You have no evidence. We've already established that. The word of an Iraqi defector, whose rank doesn't impress me at all, means little. What you have is hearsay.

I have direct eye witness testimony, one that includes a former high ranking Iraqi general, in Saddam's Army.  Murder convictions have been made with just as much.     ::)



"So??" Is not an answer, it is a question. There are willing fighters in Iraq, naturally someone is going to supply them with weapons. Weapons in the Middle East, as in parts of Africa are a dime a dozen. Our problem isn't so much the supply, but the demand.

"So", simply reinforces my point, that Iraq & Syria continue to facilitate Iraqi instability and fuel the insurgency with weapons and out-of-country terrorists.

The point being that the political aspects of these two bit players are trivial from my point of view.

Well, that is 1 opinion


You are placing me into a camp with which I don't belong. I have not made generalisations about supporters of different causes, nor do I believe in partisan ideologies or hatred of Bush as being paramount to the lives of anyone.

I don't really care what "camp" you feel you belong or don't belong.  The fact of the matter is how your rationalize and trivialize every overt act of terrorism and insurgent acts upon the Iraqi populace by messers Iran & Syria, and opine how we need to "talk" to these very same folks in order to "bring calm & normalcy" back to the Iraqi people.  Especially when it's been made patently obvious by these same folks, AS WELL AS YOURSELF, the power vacuum they'd wish to put themselves into, if Iraqi democracy fails.  as much as we BOTH want to bring an end to whatever sectarian violence is occuring, trying to make Iran & Syria "see the light" is a pipedream.  Chamberlain learned that the hardway.  Why you'd want to repeat that disastrous mistake is beyond me


I do believe the first-strike war was unjust, but now that we are there we have dues to pay to the Iraqi people and therefore I don't believe in withdrawal. Perhaps you are the one with a partisan ideological problem?
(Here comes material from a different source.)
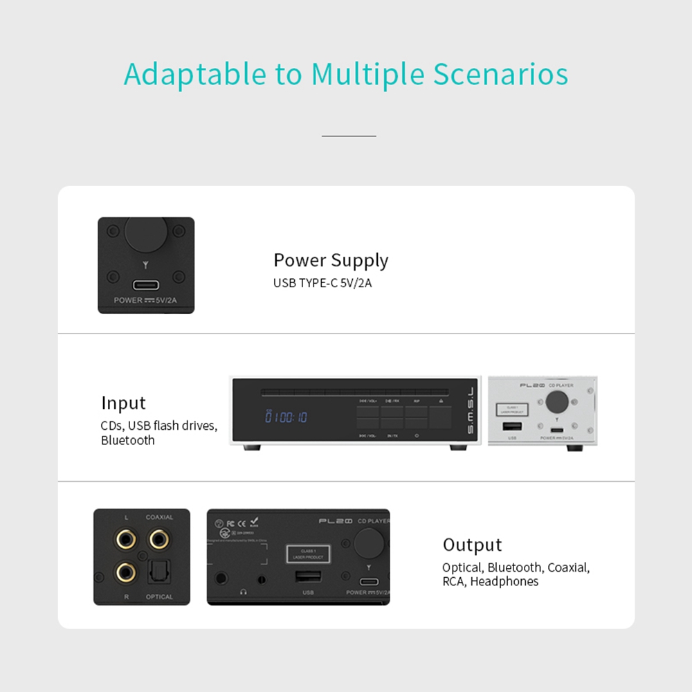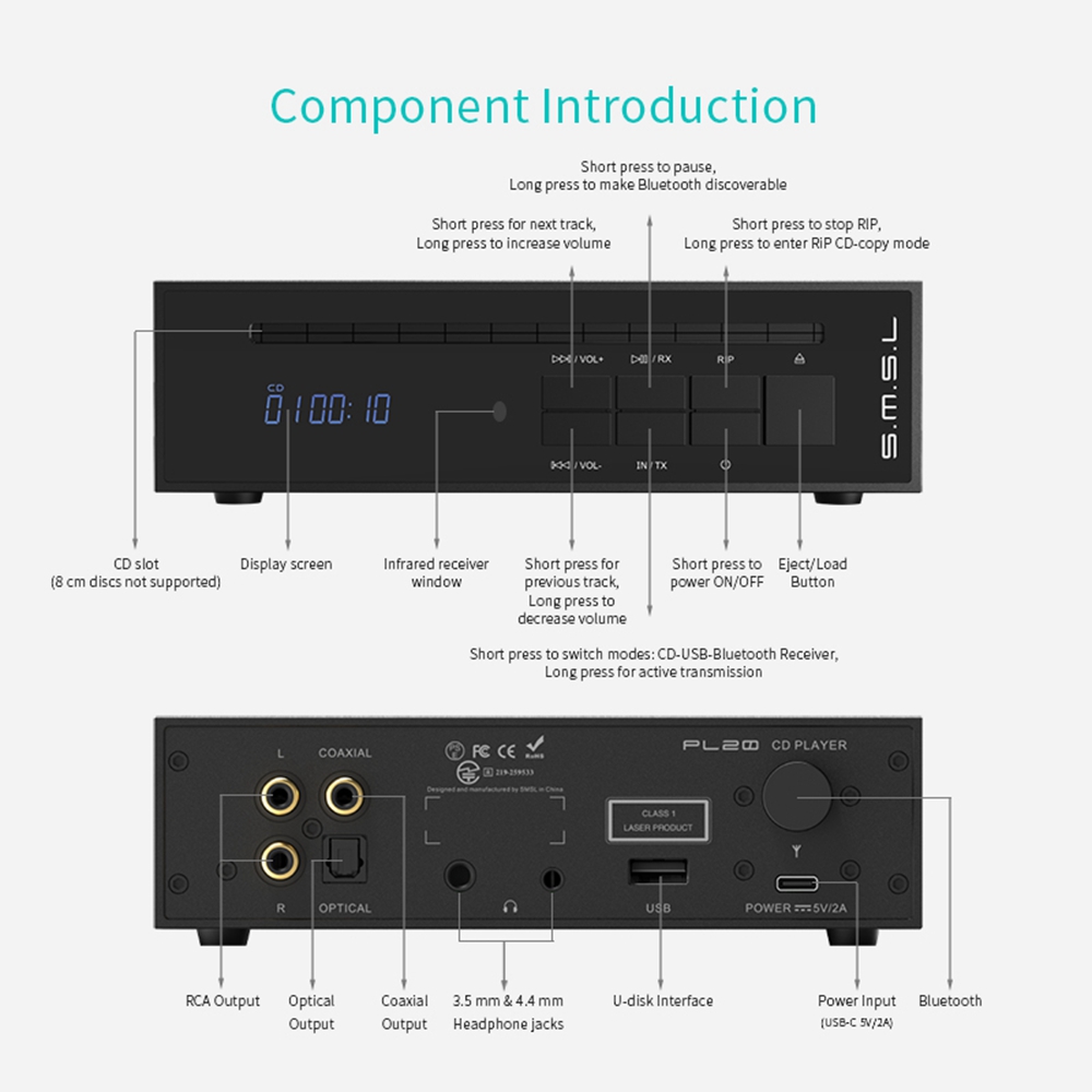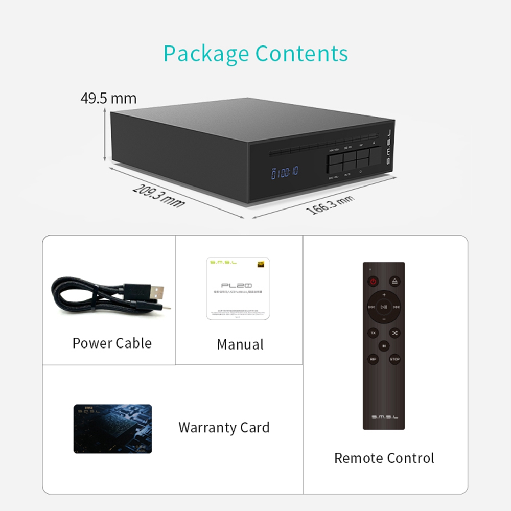 SMSL PL20 is not just a CD Player, it acts as a three-in-one device, allowing the user complete versatility. One can use the device as a CD Player, a digital audio player with high-resolution music playback from flash drives, and a lossless CD Ripping device. Simply enjoy your favourite music any way you like.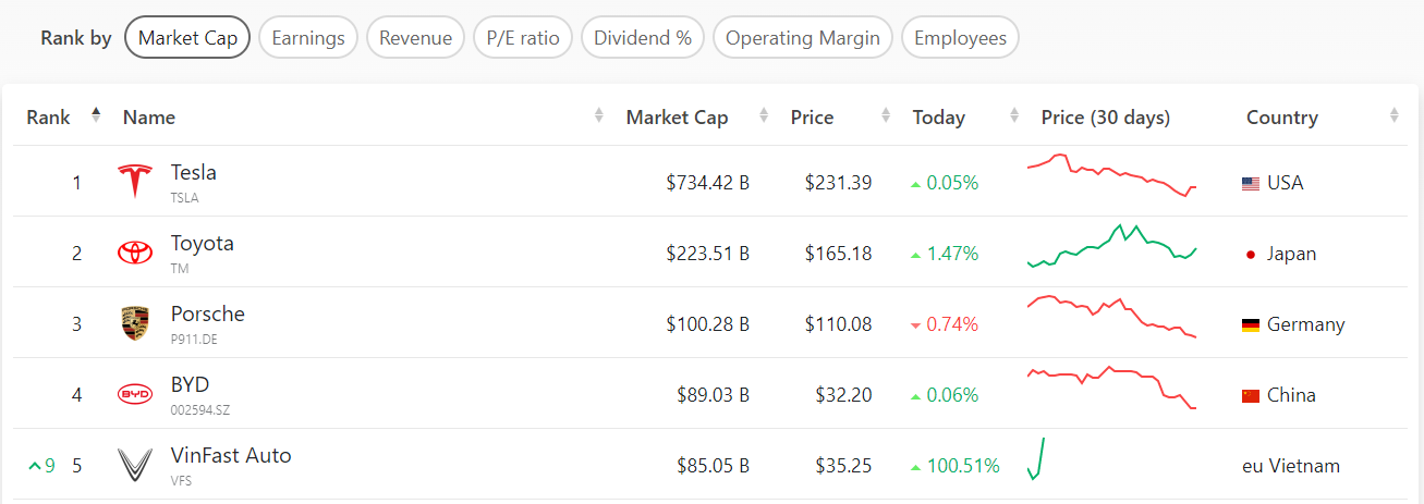 财联社8月23日电,越南电动汽车生产商VinFast持续飙升,现涨幅扩大至160%,市值站上1000亿美元,超越保时捷,成为全球市值第三的上市汽车股。

No, actually I'm the one with the need to achieve a victory over terrorists problem


It costs nothing to talk to either leader?

It costs us credibility in trying to "talk" to a leader who denies the Holocaust, who advocates for the destruction of Israel, who supports terrorist organizations.  It costs us the perception of having the upper hand.  It costs us more military lives, by virtue of emboldening terrorists & insurgents who'd see the act as a step backwards.  It costs us far more in intangibles than you'd dare wish to acknowledge



Nice try, but as I said the Saudis and Kuwaitis support for anti-Israeli groups is well-documented. As is the Saudi warning to Bush. Just because I didn't do your research for you doesn't mean it does not exist. Honestly, poor effort Sirs.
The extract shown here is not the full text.